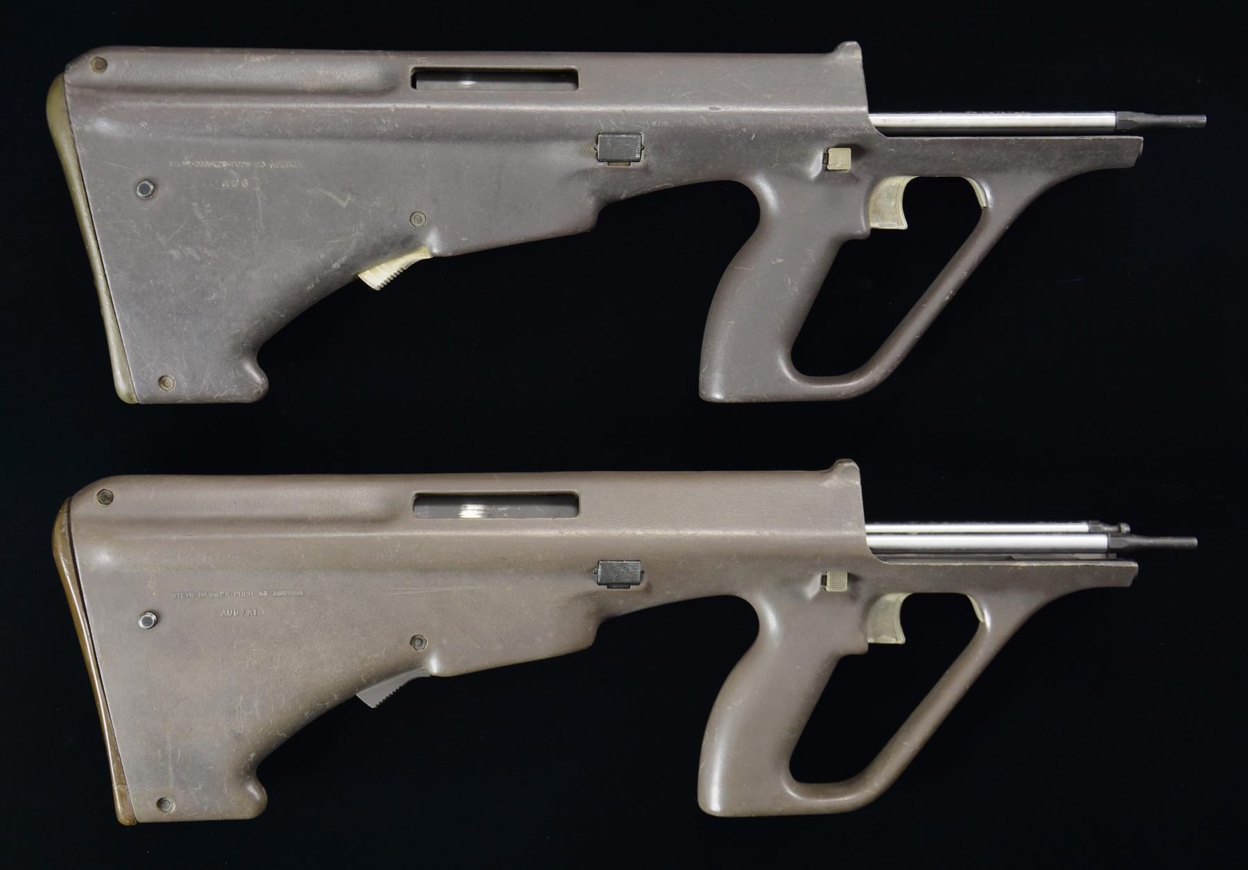 PACKS & BOLT CARRIERS WITH BOLTS. 2 Steyr AUG full auto replacement stocks w/ trigger group & bolt carrier w/ right-hand eject, .223 bolts. OD green. Complete w/ butt cover & pin / sling swivel. CONDITION: Stocks exhibit typical dings & old unit marks. All internals appear functional. PROVANANCE: Lifelong Collection of Terrence McCarty. (02-21800-10/JZ). $400-800.
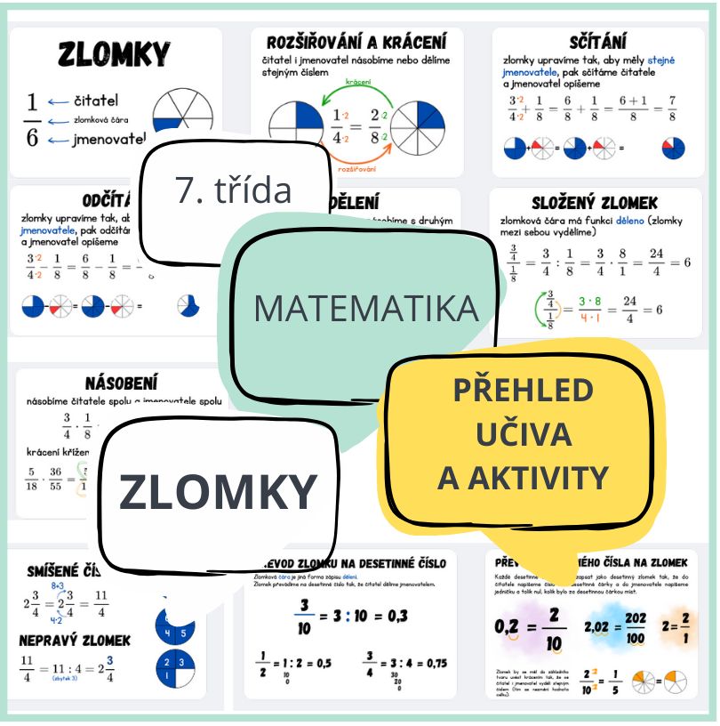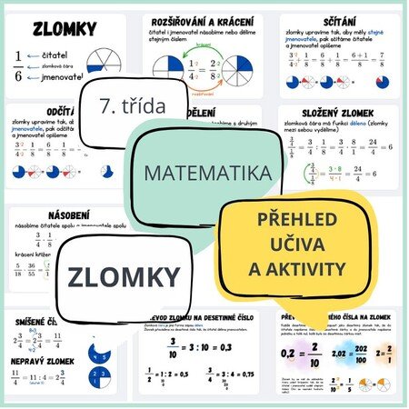 Materiál obsahuje 10 stran s přehledem učiva o zlomcích 7. třídy. Dá se vytisknout na jednotlivé A3 a pověsit do třídy. Nebo při tisku více stran na A4 jako ucelený přehled pro jednotlivé žáky.
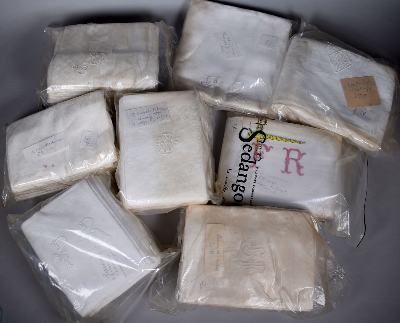 Lot n° 391 Adjugé : 80 € Ensemble de linge brodé (piqures) soit 10 serviettes… Estimation : 30 / 40 €
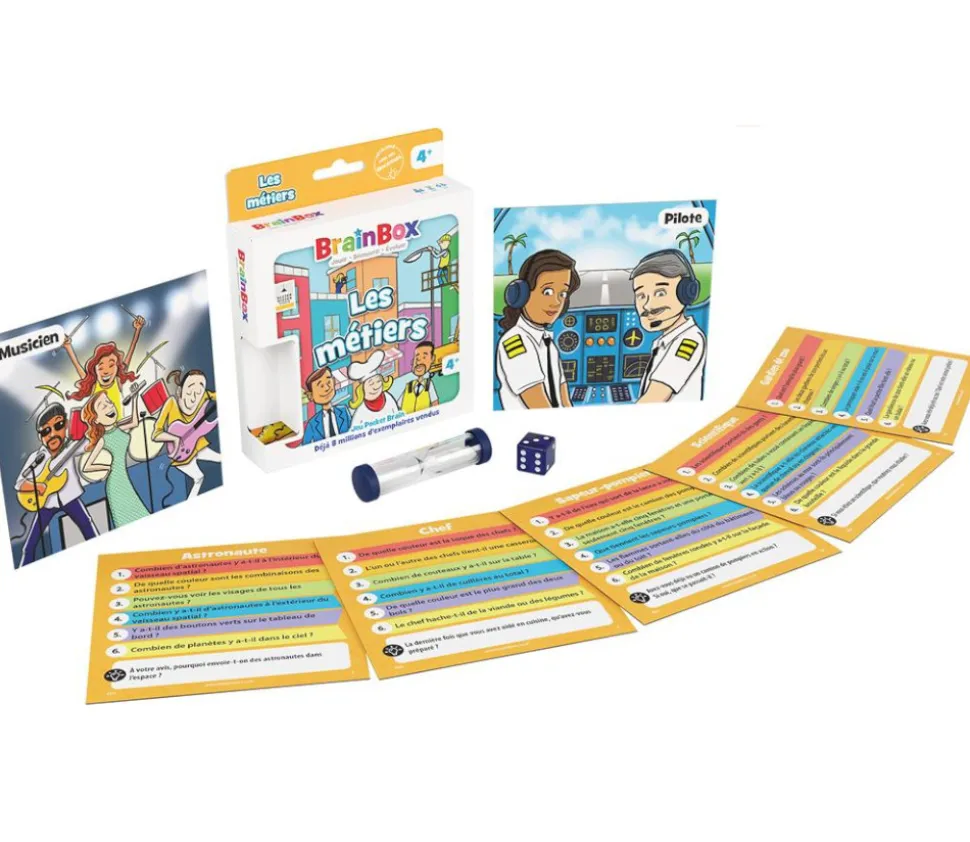 BrainBox pocket les métiers. Jeu d’observation et de mémoire. Jeu familial rapide pour apprendre et découvrir avec les enfants différents métiers. Une édition de poche facile à emmener partout, parfait pour les vacances. Version de 150 questions avec un sablier pour limiter le temps. Pratique, vous pouvez faire une partie avec vos amis ou en famille au restaurant en attendant les plats, dans les transports en commun (train, bus…)
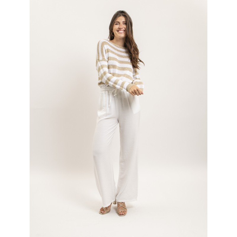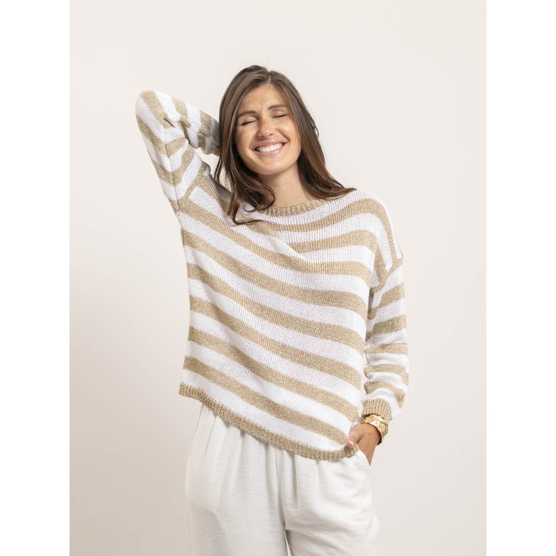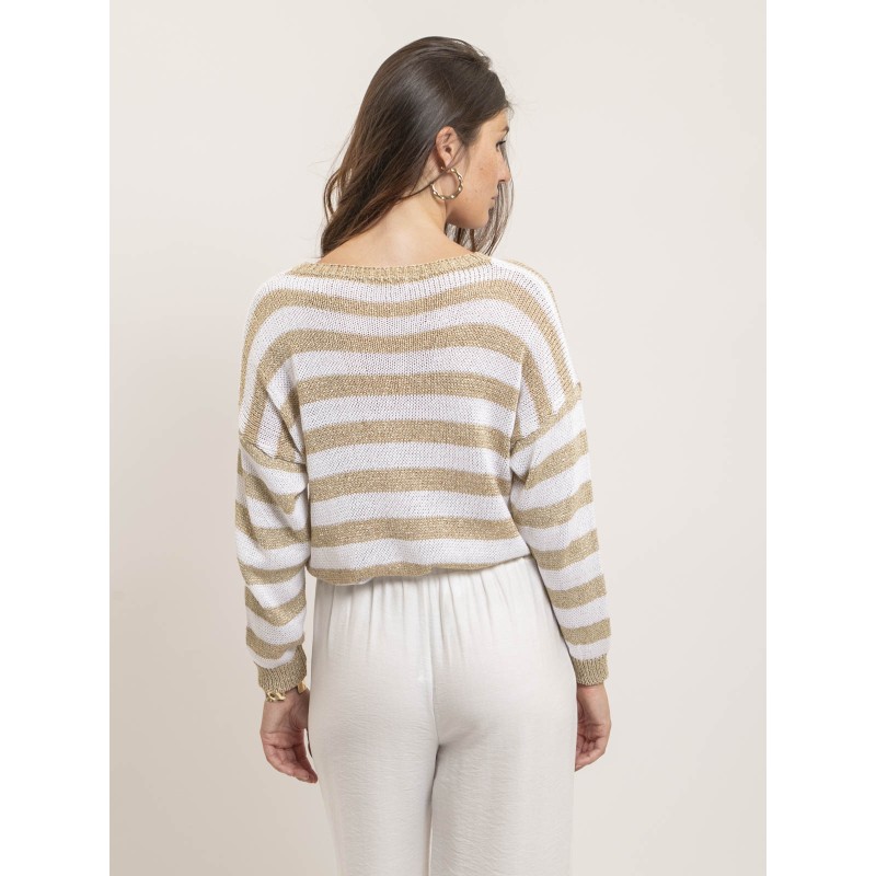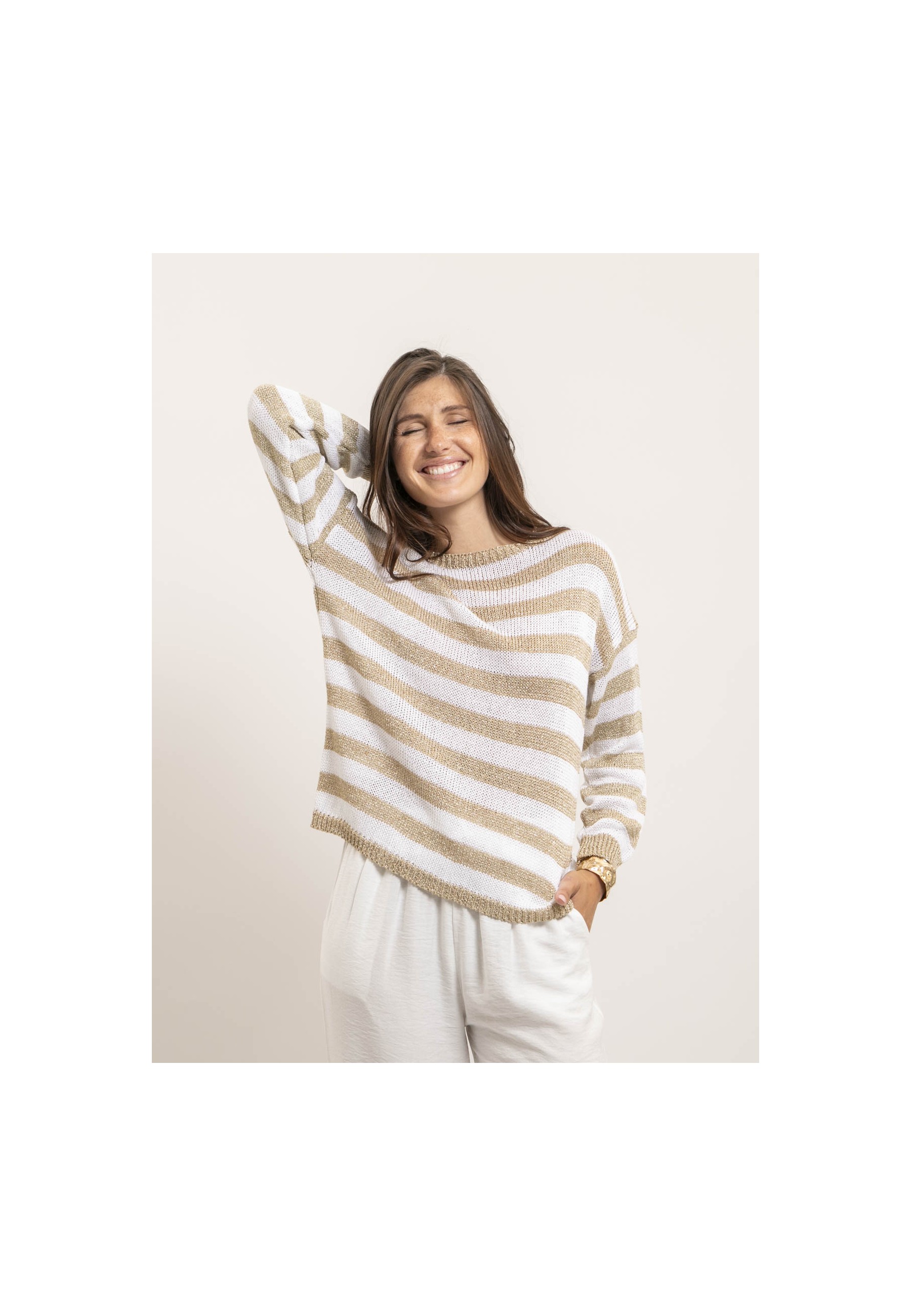 Ajoutez une touche lumineuse et légère à votre garde-robe avec ce pull doux et aéré. Conçu avec un style décontracté et des rayures scintillantes, il se porte parfaitement en demi-saison. Une pièce versatile qui allie confort et élégance décontractée.

..........

§ **Problem details**: Set down the material word for word, and drop every picture from it.

§ **The answer**:
 PACKS & BOLT CARRIERS WITH BOLTS. 2 Steyr AUG full auto replacement stocks w/ trigger group & bolt carrier w/ right-hand eject, .223 bolts. OD green. Complete w/ butt cover & pin / sling swivel. CONDITION: Stocks exhibit typical dings & old unit marks. All internals appear functional. PROVANANCE: Lifelong Collection of Terrence McCarty. (02-21800-10/JZ). $400-800.
 Materiál obsahuje 10 stran s přehledem učiva o zlomcích 7. třídy. Dá se vytisknout na jednotlivé A3 a pověsit do třídy. Nebo při tisku více stran na A4 jako ucelený přehled pro jednotlivé žáky.
 Lot n° 391 Adjugé : 80 € Ensemble de linge brodé (piqures) soit 10 serviettes… Estimation : 30 / 40 €
 BrainBox pocket les métiers. Jeu d’observation et de mémoire. Jeu familial rapide pour apprendre et découvrir avec les enfants différents métiers. Une édition de poche facile à emmener partout, parfait pour les vacances. Version de 150 questions avec un sablier pour limiter le temps. Pratique, vous pouvez faire une partie avec vos amis ou en famille au restaurant en attendant les plats, dans les transports en commun (train, bus…)
 Ajoutez une touche lumineuse et légère à votre garde-robe avec ce pull doux et aéré. Conçu avec un style décontracté et des rayures scintillantes, il se porte parfaitement en demi-saison. Une pièce versatile qui allie confort et élégance décontractée.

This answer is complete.